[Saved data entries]
● ● ● ● ●
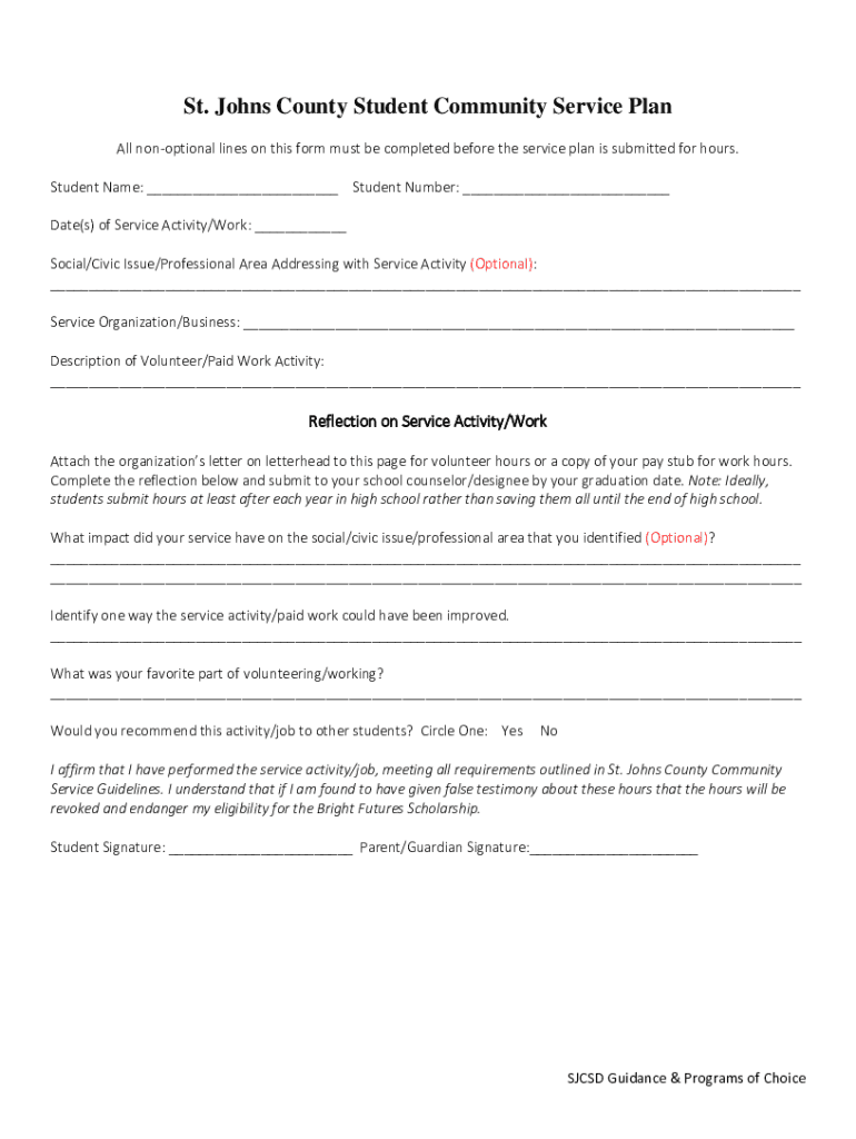Students must report details of their volunteer service activities, including the organization served, dates of service, and hours completed.
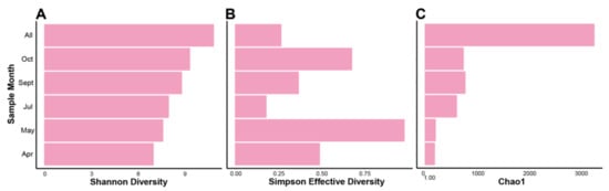 Alpha diversity indices of Illumina MiSeq metagenomic assemblies (contigs) as calculated by MerCat on k-mers of 21 bp, with a minimum count of 5 for each “k-mer species”. Indices include (A) Shannon’s diversity index, (B) Simpson’s diversity index, and finally (C) the Chao1 k-mer measures the number of k-mer species qualifying based on minimum count parameter. Sample months are indicated. The sample denoted “All” is an assembly of all reads from each Illumina MiSeq dataset combined.
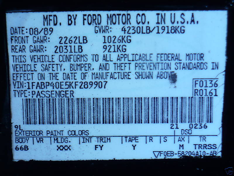 1989 SSP - VIN 1FABP40E5KF289907
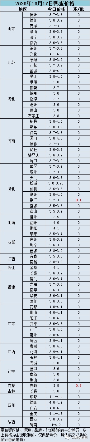 2020年10月17日淘汰蛋鸭价格参考值:5.8元/斤。受肉鸭活禽价格下跌影响叠加淘鸭增多种鸭淘汰乱市,淘汰蛋鸭持续弱势震荡。
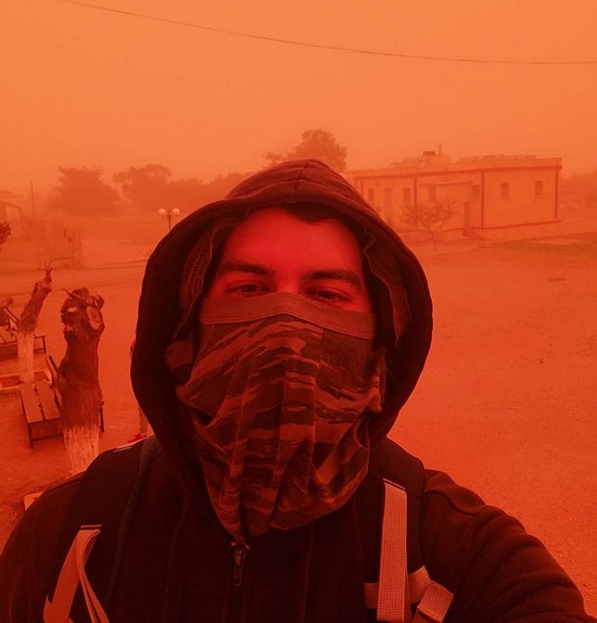 Ovo je vrlo ozbiljan slučaj za Krit, takav ovdje nikad nije bilo, ja se lično ne sjećam takve “apokalipse”. Samo mislite, koncentracija čestica u zraku sada premašuje norma je devedeset puta, to na Kreti nije zabilježeno ni jednom. Razlog za oluju bio je visoki pritisak, zbog čega je krenulo kretanje zraka s obale Afrike, i zato tople zračne mase donijeli su ovu strašnu crvenu prašinu na ostrvo.
● ● ● ● ●
**What you have to do**.
So that the copy stays exact, reproduce each record word for word and leave its images out.

**Answer**.
Students must report details of their volunteer service activities, including the organization served, dates of service, and hours completed.
 Alpha diversity indices of Illumina MiSeq metagenomic assemblies (contigs) as calculated by MerCat on k-mers of 21 bp, with a minimum count of 5 for each “k-mer species”. Indices include (A) Shannon’s diversity index, (B) Simpson’s diversity index, and finally (C) the Chao1 k-mer measures the number of k-mer species qualifying based on minimum count parameter. Sample months are indicated. The sample denoted “All” is an assembly of all reads from each Illumina MiSeq dataset combined.
 1989 SSP - VIN 1FABP40E5KF289907
 2020年10月17日淘汰蛋鸭价格参考值:5.8元/斤。受肉鸭活禽价格下跌影响叠加淘鸭增多种鸭淘汰乱市,淘汰蛋鸭持续弱势震荡。
 Ovo je vrlo ozbiljan slučaj za Krit, takav ovdje nikad nije bilo, ja se lično ne sjećam takve “apokalipse”. Samo mislite, koncentracija čestica u zraku sada premašuje norma je devedeset puta, to na Kreti nije zabilježeno ni jednom. Razlog za oluju bio je visoki pritisak, zbog čega je krenulo kretanje zraka s obale Afrike, i zato tople zračne mase donijeli su ovu strašnu crvenu prašinu na ostrvo.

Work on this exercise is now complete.